### Your assignment
All of the data, except its images, should be set down exactly as it appears.

### Data extract
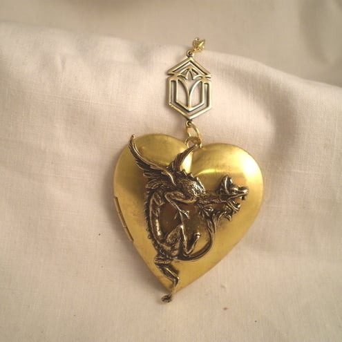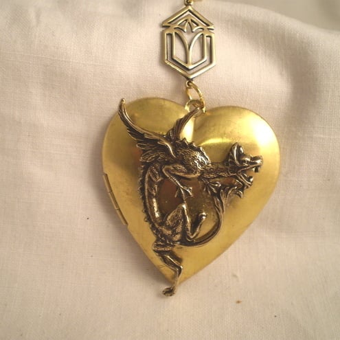 This unusual necklace has been created from a brass heart shaped locket, on which a detailed antiqued dragon has been placed. It hangs from an Art Deco style connector and an 18 inch goldtone chain.
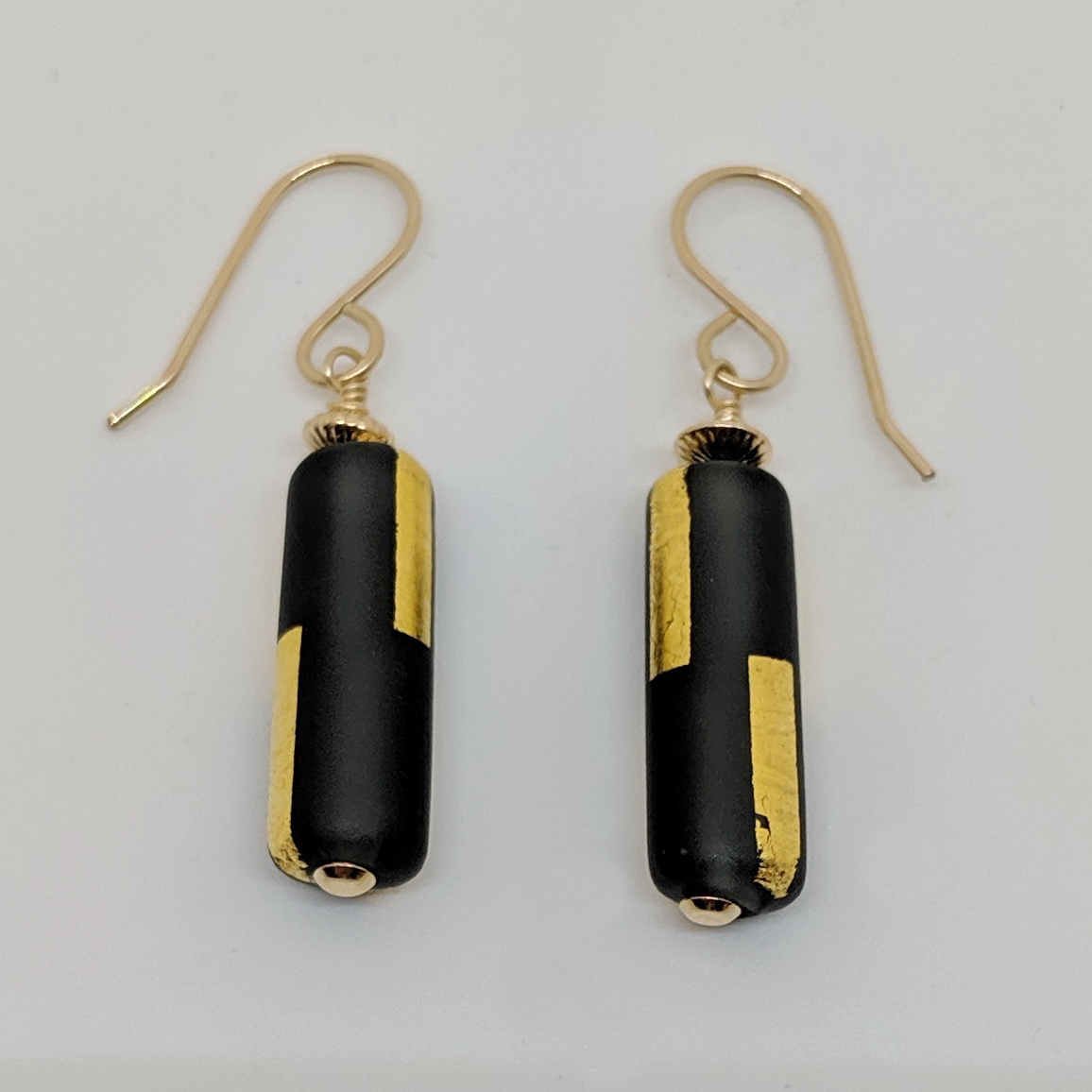 Glass Lampworked Beads, 24K Gold Leaf accent, Gold-Fill Hooks
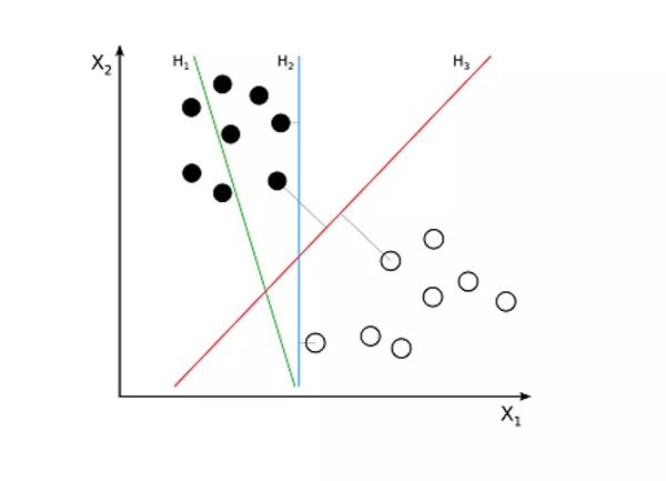 例如,H1 没有将这两个类分开。但 H2 有,不过只有很小的边距。而 H3 以最大的边距将它们分开了。

### Answer below
 This unusual necklace has been created from a brass heart shaped locket, on which a detailed antiqued dragon has been placed. It hangs from an Art Deco style connector and an 18 inch goldtone chain.
 Glass Lampworked Beads, 24K Gold Leaf accent, Gold-Fill Hooks
 例如,H1 没有将这两个类分开。但 H2 有,不过只有很小的边距。而 H3 以最大的边距将它们分开了。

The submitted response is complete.